8 visualization in R with ggplot

In the last chapter, we introduced data visualization, citing “vision-aries” including Edward Tufte and Hans Rosling, inspired works such as Minard’s Carte Figurative and Periscopic’s stolen years, as well as a few cautionary tales of misleading and confusing graphs.

Here, in playing with and learning the R package ggplot, we begin to move from consumers to creators of data visualizations.

As the first visualization in (Wickham, Çetinkaya-Rundel, and Grolemund 2023) reminds us, data visualization is at the core of exploratory data analysis:

Data visualization is at the core of data analysis ((Wickham, Çetinkaya-Rundel, and Grolemund 2023))
Data visualization is at the core of data analysis ((Wickham, Çetinkaya-Rundel, and Grolemund 2023))

In the world of data science, statistical programming is about discovering and communicating truths within your data.
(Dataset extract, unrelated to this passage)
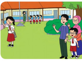 Saat pergi ke sekolah lani selalu diantar oleh ayah dan ibu

This exploratory data analysis is the corner of science, particularly at a time in which confirmatory studies are increasingly found to be unreproducible.

Most of your reading will be from Chapter 1 of (Wickham, Çetinkaya-Rundel, and Grolemund 2023), this is intended only as a supplement.

8.1 a picture > (words, numbers)?

The chapter begins with a quote from John Tukey about the importance of graphs. Yet there is a tendency among some statisticians and scientists to discount graphs, to consider graphic representations of data as less valuable than statistical ones. It is true that, because there are many ways to graph data, and because scientists and data journalists are humans with pre-existing beliefs and values, a graphical displays should not be assumed to simply depict a singular reality. But the same can be said about statistical analyses (see Chapter 9).

To consider the value of statistical versus graphical displays, consider ‘Anscombe’s quartet’ (screenshot below, live at http://bit.ly/anscombe2019):

An adaptation of Anscombe’s “quartet” (Anscombe 1973)
An adaptation of Anscombe’s “quartet” (Anscombe 1973)

Exercise 8_1 Consider the spreadsheet chunk presented above, which I am characterizing as data collected on a sample of ten primary school children at recess on four consecutive days. Working with your classmates, compute the mean, standard deviation, and correlation between the two measures for one day. Share your results with the class.

The four pairs of variables in (Anscombe 1973) appear statistically “the same,” yet the data suggest something else. Additional examples of the problem of relying on simple statistics, in particular correlation coefficients, are considered in the first chapter of Healy (2017). Perhaps graphs can reveal truths that statistics can hide.

Exercise 8_2 The Anscombe data is included in base Ras a library in R. Can you find, load, and explore it?

8.2 Read Wickham’s opening chapter

In class, we will review and recreate the plots in section 1.2 of (Wickham, Çetinkaya-Rundel, and Grolemund 2023) and exercises in 1.2.5 and 1.4.3 and 1.5.5

Savor this section: Read slowly, and play around with the RStudio interface. For example, read about the mpg data in the ‘help’ panel, pull up the mpg data in a view window, and sort through it by clicking on various columns.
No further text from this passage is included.